How were the trials designed?
Trials 1 and 2 were randomized, placebo-controlled, double-blind, 3-month trials evaluating QULIPTA for the preventive treatment of episodic migraine in adult patients with up to 14 migraine headache days per month. Patients were randomized to QULIPTA at doses of 10 mg, 30 mg, or 60 mg, or placebo. Patients could use acute headache treatments. The primary efficacy endpoint was the change from baseline in the monthly average migraine days during the 3-month period.
GLOSSARY
CLINICAL TRIAL: Voluntary research studies conducted in people and designed to answer specific questions about the safety or effectiveness of drugs, vaccines, other therapies, or new ways of using existing treatments.
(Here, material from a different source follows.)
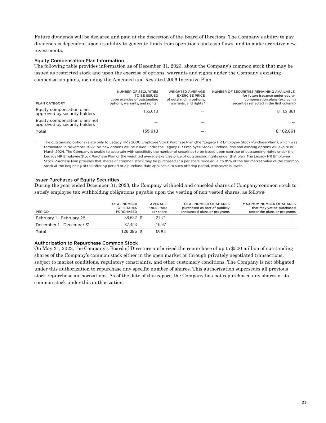 Company’s Executive Vice President – Operations and the members of its legal department do not have a technology services background, we believe that the Company’s Chief Technology Officer and technology services team possess the requisite background and experience to effectively manage the Company’s cybersecurity needs. The Company also engages with third parties on an as-needed basis to advise and assist in managing cybersecurity risks. When the Company utilizes third-party services that include web-based platforms or data collection stored on third-party servers, it reviews the service provider’s SOC1 attestation reports on internal controls and inquires regarding controls and procedures utilized by such third parties with respect to cybersecurity of the Company’s data. The Company has in place a cybersecurity incident response plan. Procedures for addressing cybersecurity incidents include reporting incidents up to senior management, including the Company’s legal department for analysis. If a cybersecurity incident were determined to be material, the Company’s disclosure committee would address appropriate public disclosures. As noted above, management regularly reports to the Audit Committee regarding the current cyber threat environment and the controls and procedures meant to address such risks. If a cybersecurity incident were determined to be material, the Audit Committee would be informed promptly. The Company carries cyber risk insurance, but there can be no assurance that losses from a cybersecurity incident would not exceed the insurance coverage. The Company is subject to risks associated with cybersecurity threats. Although the Company has not experienced a cybersecurity incident that materially affected or, to the Company’s knowledge, is reasonably likely to materially affect the Company, including its business strategy, results of operations or financial condition, the Company has, from time to time, experienced threats to and breaches of its data and systems. The Company faces risks associated with security breaches through cyber attacks, cyber intrusions, or otherwise, as well as other significant disruptions of its information technology networks and related systems. These risks are described in more detail under Item 1A. Risk Factors. Item 2. Properties In addition to the properties described in Item 1. “Business,” in Note 3 to the Consolidated Financial Statements, and in Schedule III of Item 15 of this Annual Report on Form 10-K, the Company leases office space from unrelated third parties from time to time. The Company owns its corporate headquarters located at 3310 West End Avenue in Nashville, Tennessee. Item 3. Legal Proceedings The Company is not aware of any pending or threatened litigation that, if resolved against the Company, would have a material adverse effect on the Company's consolidated financial position, results of operations, or cash flows. Item 4. Mine Safety Disclosures Not applicable. PART II Item 5. Market for Registrant's Common Equity, Related Stockholder Matters and Issuer Purchases of Equity Securities Shares of the Company’s common stock are traded under the symbol “HR.” As of December 31, 2023, there were 2,167 stockholders of record. Future dividends will be declared and paid at the discretion of the Board of Directors. The Company’s ability to pay dividends is dependent upon its ability to generate funds from operations and cash flows, and to make accretive new investments. Equity Compensation Plan Information The following table provides information as of December 31, 2023, about the Company’s common stock that may be issued as restricted stock and upon the exercise of options, warrants and rights under the Company’s existing compensation plans, including the Amended and Restated 2006 Incentive Plan. PLAN CATEGORY NUMBER OF SECURITIES TO BE ISSUED upon exercise of outstanding options, warrants, and rights 1 WEIGHTED AVERAGE EXERCISE PRICE of outstanding options, warrants, and rights 1 NUMBER OF SECURITIES REMAINING AVAILABLE for future issuance under equity compensation plans (excluding securities reflected in the first column) Equity compensation plans approved by security holders 155,613 — 8,102,861 Equity compensation plans not approved by security holders — — — Total 155,613 — 8,102,861 1 The outstanding options relate only to Legacy HR's 2000 Employee Stock Purchase Plan (the "Legacy HR Employee Stock Purchase Plan"), which was terminated in November 2022. No new options will be issued under the Legacy HR Employee Stock Purchase Plan and existing options will expire in March 2024. The Company is unable to ascertain with specificity the number of securities to be issued upon exercise of outstanding rights under the Legacy HR Employee Stock Purchase Plan or the weighted average exercise price of outstanding rights under that plan. The Legacy HR Employee Stock Purchase Plan provides that shares of common stock may be purchased at a per share price equal to 85% of the fair market value of the common stock at the beginning of the offering period or a purchase date applicable to such offering period, whichever is lower. Issuer Purchases of Equity Securities During the year ended December 31, 2023, the Company withheld and canceled shares of Company common stock to satisfy employee tax withholding obligations payable upon the vesting of non-vested shares, as follows: PERIOD TOTAL NUMBER OF SHARES PURCHASED AVERAGE PRICE PAID per share TOTAL NUMBER OF SHARES purchased as part of publicly announced plans or programs MAXIMUM NUMBER OF SHARES that may yet be purchased under the plans or programs February 1 - February 28 38,632 $ 21.71 — — December 1 - December 31 87,453 15.97 — — Total 126,085 $ 18.84 Authorization to Repurchase Common Stock On May 31, 2023, the Company’s Board of Directors authorized the repurchase of up to $500 million of outstanding shares of the Company’s common sto

COMPARATOR: A previously available treatment or placebo used in clinical trials that is compared to the actual drug being tested.
EFFICACY: How well the drug achieves the desired response when it is taken as described in a controlled clinical setting, such as during a clinical trial.
PLACEBO: An inactive substance or “sugar pill” that looks the same as, and is given the same way as, an active drug or treatment being tested. The effects of the active drug or treatment are compared to the effects of the placebo.
SUBGROUP: A subset of the population studied in a clinical trial. Demographic subsets include sex, race, and age groups.